The ITSP¹⁶ is a 48-item caregiver questionnaire that measures sensory modulation abilities in children aged 7 months to 36 months (a version for infants aged 0–6 months is also available). Parents rate the frequency of their child’s behavior on a 5-point scale from 1 (almost always) to 5 (almost never). Items are grouped into five sensory sections, ie, auditory processing, visual processing, tactile processing, vestibular processing, and oral sensory processing. Scores are then grouped into four quadrant scores, ie, low registration, sensation seeking, sensory sensitivity, and sensation avoiding. Section scores and quadrant scores are interpreted relative to age norms. Reliabilities for the various composite scores range from 0.69 to 0.85. Some studies of the ITSP in ASD populations have been performed;^17,18 however, the ITSP is not generally used for screening,¹⁹ and our study may be the first to evaluate its use as screening tool. We also established a new criterion for a positive screening. Participants were considered to have screened positive if results were definitely abnormal (ie, results outside two standard deviations of population norms) on at least two scores involving section and/or quadrant scores.

Procedure

The parents of children with VLBW and ELBW (2 years of age, corrected for prematurity) completed the screening battery questionnaires and sent them to the Department of Child Psychiatry at Motol University Hospital.

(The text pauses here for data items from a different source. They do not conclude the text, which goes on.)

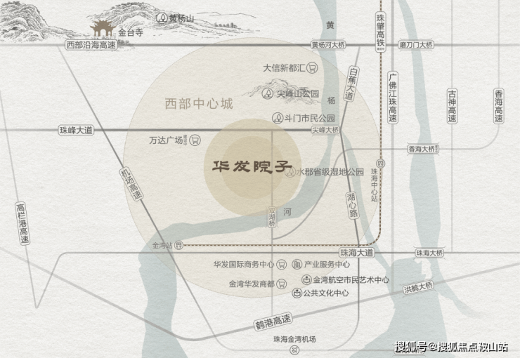 华发院子,是继华发山庄之后,华发升级迭代的新中式别墅产品。项目位于珠海西部中心城区,北靠又一城、南望黄杨河!小区整体三面环水,享水郡省级湿地公园天然大氧吧。联袂名家共同打造,融合了传统中国元素及岭南特色文化,打造出来极具品质的标杆新中式院墅
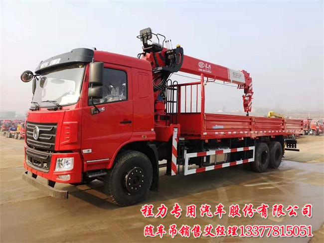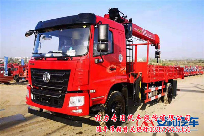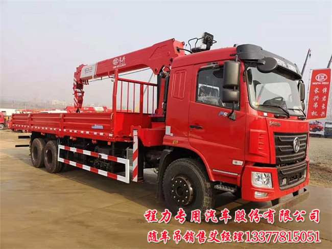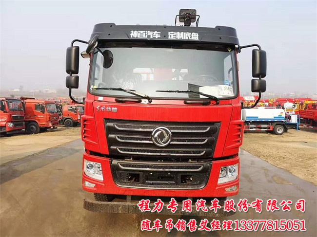 東風華神F5后雙橋隨車吊配吊機:一般12噸徐工吊機-K型12.5米_M型14.5米(加一萬)_G型(再加一萬),這個就是你出多少錢,就給你對應吊機.這個選吊機看用戶需不需要長吊機.各有所需.再說說車廂,有標配,加固邊三底四,加自卸車廂.在車廂加水罐有灑水車功能,大臂頂端加吊藍等多功能隨車吊.
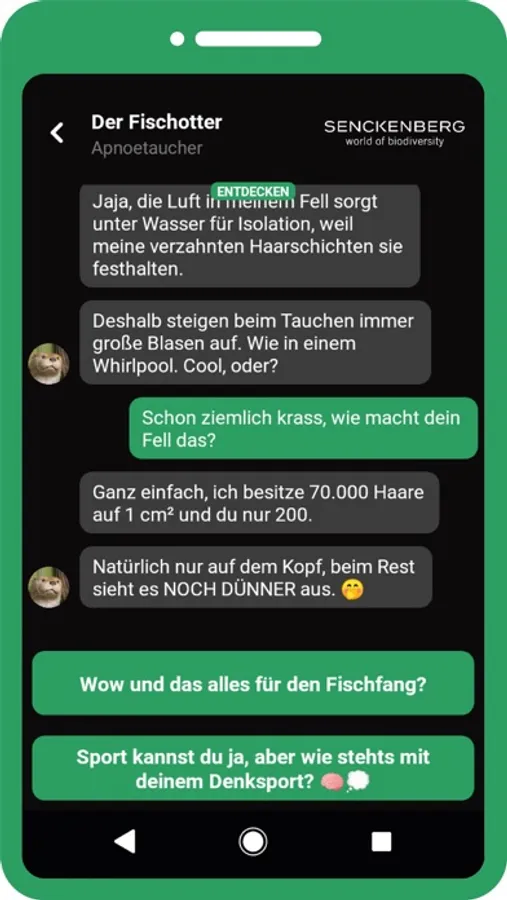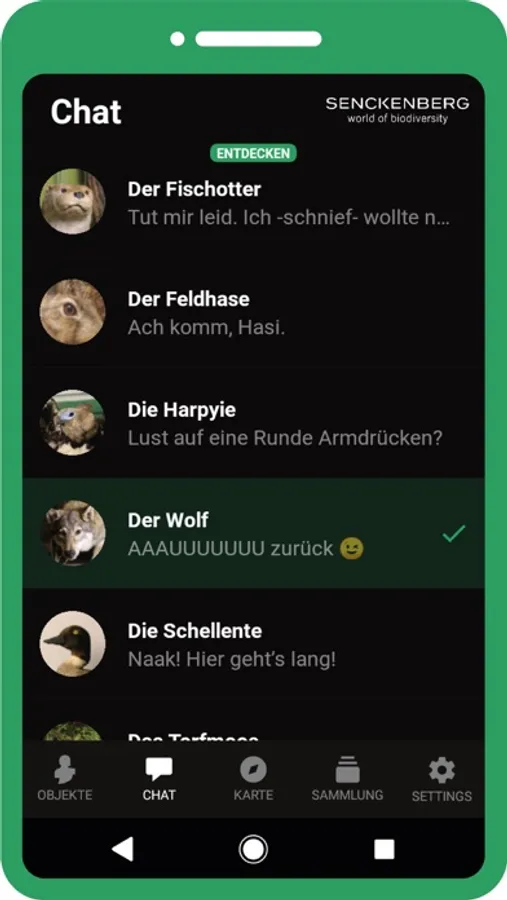 Die Museums-App "Mein Objekt - Senckenberg" ist Dein Begleiter bei der spielerischen Erkundung des Senckenberg Museum für Naturkunde Görlitz. Du kannst Objekte nach Deinen Interessen auswählen, mit ihnen chatten und sie im Museum besuchen. Manche Objekte sind witzig, andere launisch und wieder andere brauchen sogar Deine Hilfe. Wie sich die Gespräche entwickeln, hängt von Deinen Entscheidungen ab.
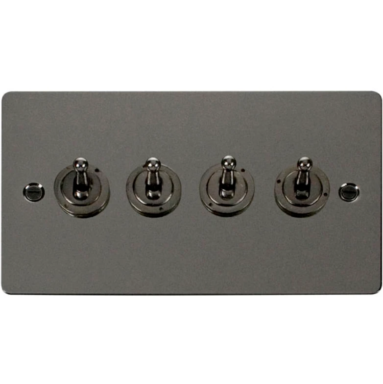 Click Scolmore Toggle Switch 4 Gang 2 Way 10A Black Nickel
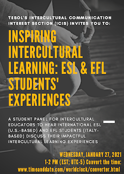 Two of the many goals of TESOL’s Intercultural Communication Interest Section (ICIS) are to promote intercultural understanding and to recommend methodology for teaching intercultural communication. What better way to learn how we as TESOL educators are meeting these goals than asking the learners themselves?

All children who had screened positive on any of the screening tools were subsequently invited for a detailed follow-up assessment. The assessment involved testing using the ADOS¹⁰ and a clinical examination by two experienced child psychiatrists with expertise in autism. The concept of best estimate clinical diagnosis, by consensus of two experienced specialists, was used as a gold standard.²⁰ In cases of disagreement between the ADOS diagnosis and best estimate clinical diagnosis, the latter was preferred. The International Classification of Diseases, Tenth Edition (ICD-10) was used for clinical diagnoses.²¹

Data analysis

Statistical analysis was performed using Statistical Package for the Social Sciences version 22.0 software (IBM Corporation, Armonk, NY, USA). Descriptive statistics for the samples were used. The Mann–Whitney U test and chi-squared test were used for analyzing differences between subsamples with positive and negative screens and the Cochran’s Q test was used for analyzing differences in positivity among tests. More detailed pair comparisons between tests were performed using paired Wilcoxon sign tests for false discovery rate adjusted for multiple testing.

Results

Sample characteristics

Table 1 shows the family and child characteristics. Thirty-two children (42.7%) screened positive on at least one of the screening questionnaires. Analysis of children with positive (on at least one of the screening questionnaires) and negative screens found no significant differences relative to mean birth weight (1,030.7 g versus 1,034.8 g; U=687, P=0.9957), gestational age (28.1 weeks versus 28.6 weeks; U=780.5, P=0.3239), length of stay in hospital (72.0 days versus 65.8 days; U=607, P=0.3882), or use of corticoids (25.0% versus 23.3%; χ²=0.031, df =1, P=0.861).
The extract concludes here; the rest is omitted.